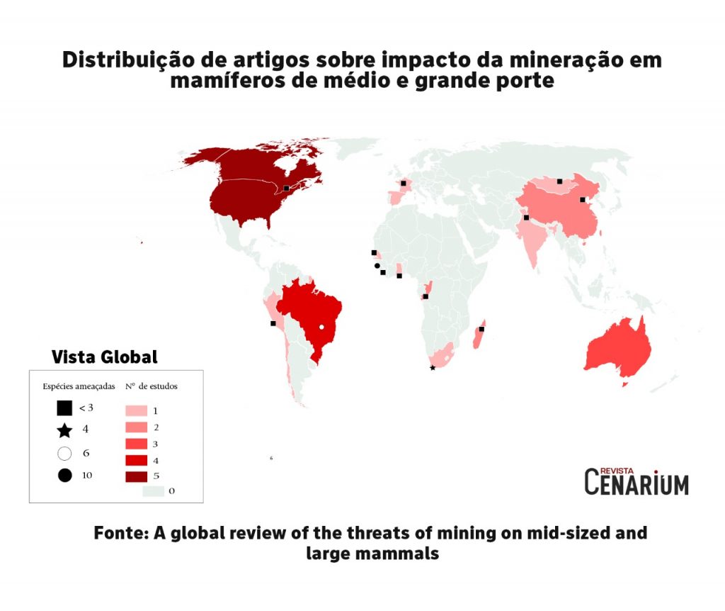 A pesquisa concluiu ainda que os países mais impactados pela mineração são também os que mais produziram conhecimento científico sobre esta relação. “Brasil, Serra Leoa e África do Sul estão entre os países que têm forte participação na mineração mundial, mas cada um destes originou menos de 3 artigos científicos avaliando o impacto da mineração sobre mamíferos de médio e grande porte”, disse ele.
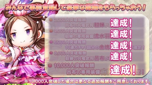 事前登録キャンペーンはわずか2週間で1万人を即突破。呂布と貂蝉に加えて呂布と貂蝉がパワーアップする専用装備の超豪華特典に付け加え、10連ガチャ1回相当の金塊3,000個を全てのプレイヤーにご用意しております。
________________
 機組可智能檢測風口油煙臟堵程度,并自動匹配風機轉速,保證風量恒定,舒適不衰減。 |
________________
*EXERCISE*
Copy out the lines above from the line containing "A pesquisa concluiu" through the line containing "事前登録キャンペーンはわずか", exactly, and keep the pictures out.

*EXPECTED ANSWER*
 A pesquisa concluiu ainda que os países mais impactados pela mineração são também os que mais produziram conhecimento científico sobre esta relação. “Brasil, Serra Leoa e África do Sul estão entre os países que têm forte participação na mineração mundial, mas cada um destes originou menos de 3 artigos científicos avaliando o impacto da mineração sobre mamíferos de médio e grande porte”, disse ele.
 事前登録キャンペーンはわずか2週間で1万人を即突破。呂布と貂蝉に加えて呂布と貂蝉がパワーアップする専用装備の超豪華特典に付け加え、10連ガチャ1回相当の金塊3,000個を全てのプレイヤーにご用意しております。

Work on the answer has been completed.